> [Task instructions]: Could you transcribe exactly the lines below, from the line with "只凭钓鱼人App界面的第一观" through the line with "Oxencart And Figures By A Temple Entrance", and nothing else, leaving out the pictures?

> [Record excerpts]:

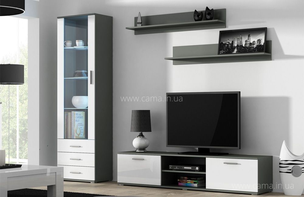 Фасад: МДФ ламинированный глянцевый, закаленное стеклоГостиная Soho 1 это пример компоновки элементов модульной системы Сохо, при заказе вы можете либо купить готовый набор, либо создать свой набор из различных элементов представленых в каталоге на нашем сайте
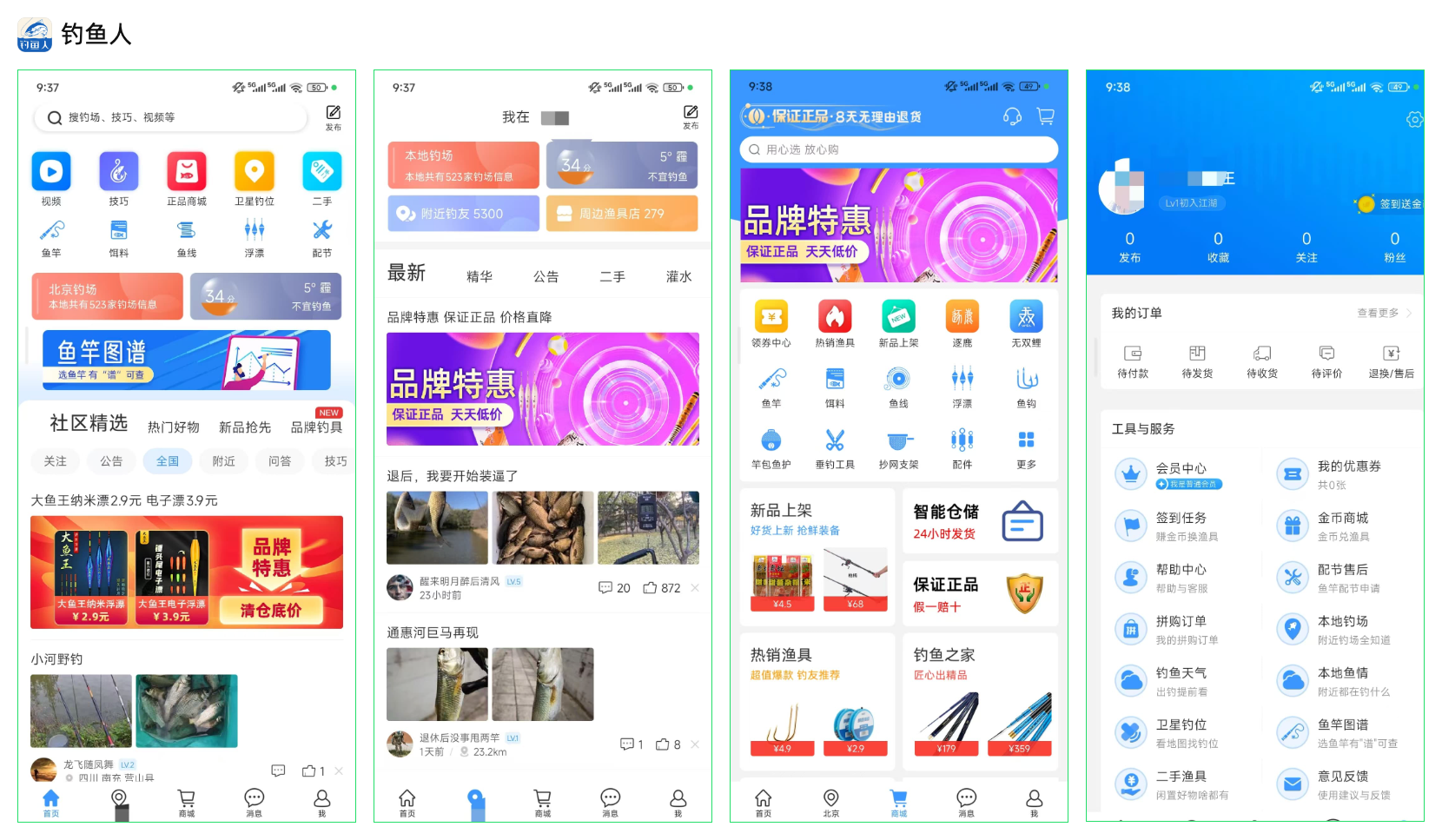只凭钓鱼人App界面的第一观感,你会发现钓鱼人App虽然是社区起家,但它却是几个App里商业气息最浓厚的。
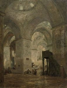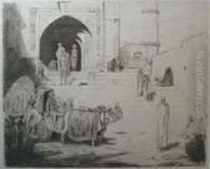Oxencart And Figures By A Temple Entrance
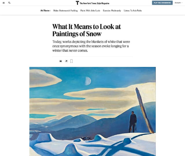 These works also give us an emotional registry of the feelings — smallness, sublimity, foreboding, tranquillity — that snow evokes. Paint’s qualities — density, fluidity, the ability to be layered — can make it inherently mimetic of snow, as with the ridges visible in Gallace’s brushwork. The physical hardship of painting in frigid plein air was treated as a test of endurance, fortitude and perhaps masculinity.
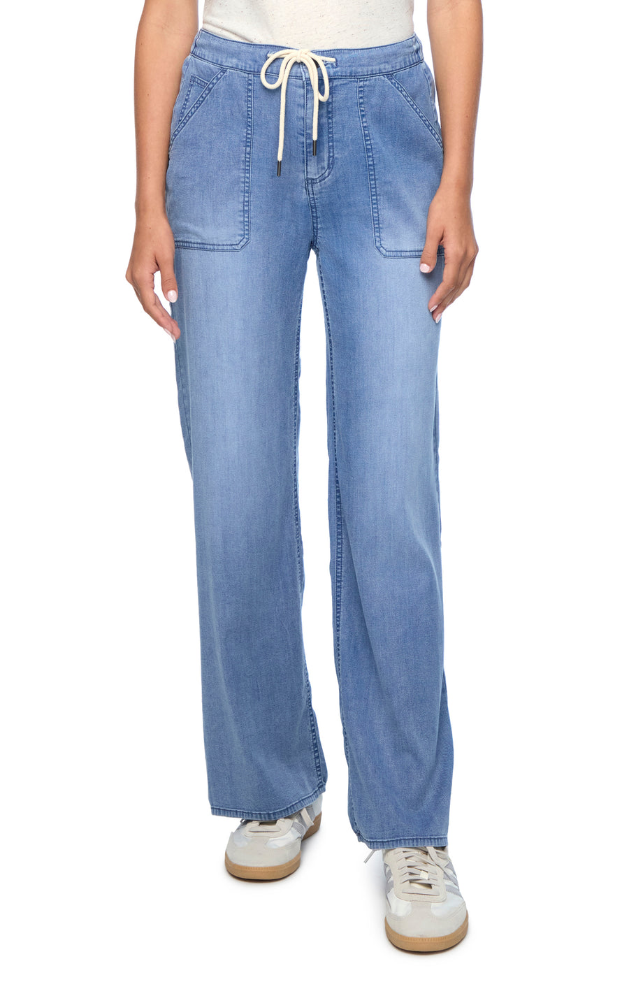 Elevate your style with the Flag & Anthem Bluffton Wide Leg Jean. Featuring a unique drawstring design, these jeans offer a comfortable, relaxed fit that keeps you looking effortlessly cool. Perfect for any occasion, these jeans will take your wardrobe to the next level.

> [Response area]:
只凭钓鱼人App界面的第一观感,你会发现钓鱼人App虽然是社区起家,但它却是几个App里商业气息最浓厚的。
Oxencart And Figures By A Temple Entrance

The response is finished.